HR@bigorganisation.com: Yoga session
HR@bigorganisation.com: Zumba Session
HR@bigorganisation.com: Random quizathon
Do you just ignore them? Do these mails intrigue you? Do they engage at all? What is this engagement that companies are so keen to drive?
“Why am I here? What am I doing?” – we've all had these thoughts pass us by and I had Dan Pink help me out with this. He says we are not here for the money, but for meaning. Incentives make people slower – the focus should rather be on autonomy, mastery and purpose.
While poetry is soothes the soul, prose is needed for action. It is ultimately about bringing autonomy, mastery and purpose into these core job dimensions.
For a start, these 5 dimensions can act as a guide to help yourself, or your team every time you think of improving engagement. Some of these aspects do get diluted, as we go into niche roles or super-speciality jobs but a little drive into the skill variety or feedback dimensions can go a long way into making a difference.
Now we know for a fact that engagement is not just about the activities organised. Park the activities part for now, we will come back to those. We need to figure out the individual to figure out the collective.
We start with level 0: The manager. Look at how your manager behaves – that is more or less a reflection of how you would be behaving with your team.

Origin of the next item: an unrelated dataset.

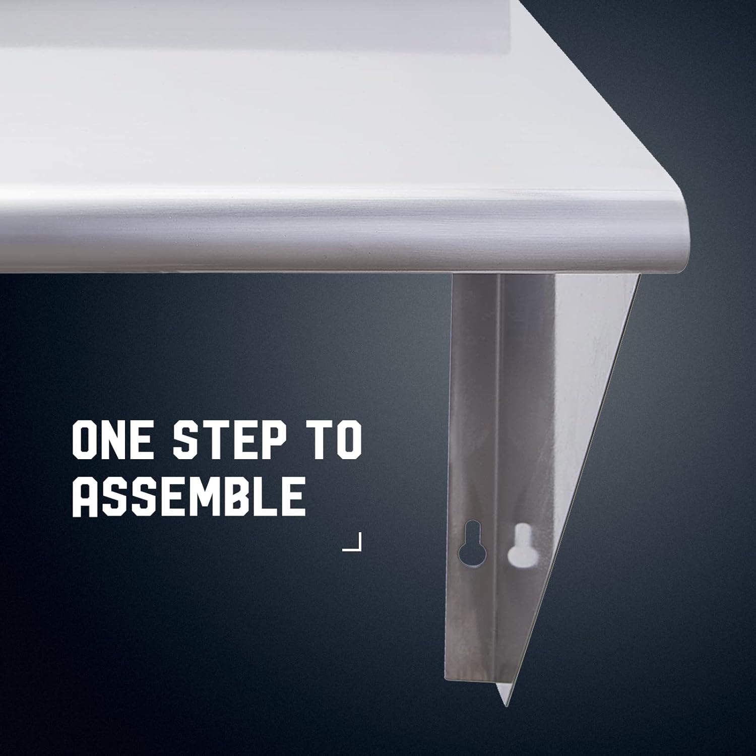 - Premium Stainless Steel: Made of 18 gauge Type 430 stainless steel, this wall mounted shelf is NSF certified to meet stringent public health standards and regulations. It is resistant to corrosion and rust, beautiful and practical, and durable. The food-grade stainless steel surface, is flat and smooth, which is easy to clean and sterilize

Now that work and home boundaries have blurred, response fatigue has set in. No one feels in control as they grapple to make sense of their entire world by looking at a 15 inch screen, sound emitting box.
Humans are designed to look for non-verbal cues, for little pieces of information hidden in the expressions, in the stride, in the security brought in by familiarity. That is where we look at how our managers behave – do they listen, do they speak, do they make efforts to tell us we are all in this together. To make special time for the informal conversations they would otherwise have had. This habit, would flow down from the top – it always does and somewhere we would all like our managers to be mindful of this. That is engagement level 0.
If you have ever wondered what you can do to feel more engaged with work, I now present the oldest trick in the book: Gallup has identified 12 foundational elements of employee engagement that predict high team performance. If you have ever filled out an employee engagement survey, chances are that it was probably just a jacked up version of these questions. These questions are excellent even for introspection. Spending time going through these questions, and answering them at a basic level can take us a long way in understanding why we are so disconnected from work sometimes.
So it is not just about the initiatives that the HR team tries to come up with but it is also about how individuals are able to predispose their environments in the right direction for meaningful engagement. Coming back to the organisation. If the organisation needs to be engaged as a whole, we figure out and document the kind of employee personas the organisation has. Do we know whether employees want more vouchers, or books, or yoga sessions?
Giving people what they exactly want – something meaningful, something they want to make time for. To teach them how to eat right, how to invest right, how to conduct better meetings, could turn out to be much better alternatives. At the end of the day, it all boils down to – autonomy, mastery and purpose.